How to profile cuDLA computation

NVIDIA-AI-IOT / cuDLA-samples

YOLOv5 on Orin DLA

Other

185 stars 18 forks source link

How to profile cuDLA computation #31

Open angry-crab opened 8 months ago

angry-crab commented 8 months ago

Hi, I tried to profile DLA according to this tutorial. https://github.com/NVIDIA-AI-IOT/jetson_dla_tutorial

But I got Error[1]: [runtime.cpp::parsePlan::314] Error Code 1: Serialization (Serialization assertion plan->header.magicTag == rt::kPLAN_MAGIC_TAG failed.)

It seems that TensorRT cannot serialized the loadable somehow. Some posts said this was because of mismatch of TensorRT versions, but I was using the same TensorRT for building and inferring.

Therefore, I was wondering if there is a way to profile cuDLA. Thanks.

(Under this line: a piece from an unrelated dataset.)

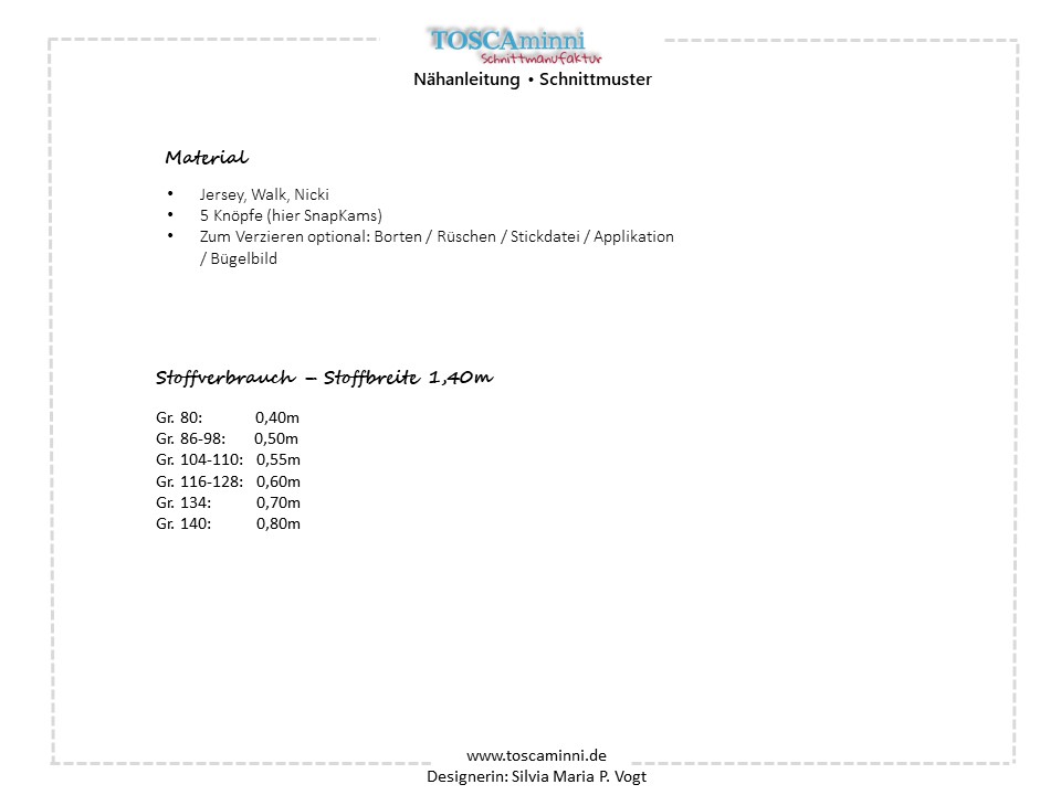 Im Schnitt ist eine Anleitung mit dabei, wie man Ärmel und Jacke nach Wunsch verlängern oder verkürzen kann. Ebenso ist die Nahtzugabe bereit enthalten.

lynettez commented 8 months ago

Hi @angry-crab, TensorRT can only build the loadable, but is unable to load it. We should use cuDLA API to load and execute it, cuDLA samples can be found in https://github.com/NVIDIA/cuda-samples/tree/master/Samples/4_CUDA_Libraries/cuDLAHybridMode and https://github.com/NVIDIA/cuda-samples/tree/master/Samples/4_CUDA_Libraries/cuDLAStandaloneMode

angry-crab commented 8 months ago

Hi @angry-crab, TensorRT can only build the loadable, but is unable to load it. We should use cuDLA API to load and execute it, cuDLA samples can be found in https://github.com/NVIDIA/cuda-samples/tree/master/Samples/4_CUDA_Libraries/cuDLAHybridMode and https://github.com/NVIDIA/cuda-samples/tree/master/Samples/4_CUDA_Libraries/cuDLAStandaloneMode

Hi, thank you for the info. However, I would like to profile cuDLA internal computations, such matmul, conv, etc. Is there a way to do that?

lynettez commented 2 months ago

sorry for the late reply. @angry-crab here are the samples that used to provide layerwise statistics to the application. https://github.com/NVIDIA/Deep-Learning-Accelerator-SW/tree/main/samples/cuDLA Please check if cudlaExternalEtbl.hpp is available on your platform. Layer-wise profiling is a new feature that may not be supported on some older platforms.

lix19937 commented 1 month ago

@lynettez https://github.com/NVIDIA/Deep-Learning-Accelerator-SW/issues/27
how to view DLA utilization rate ?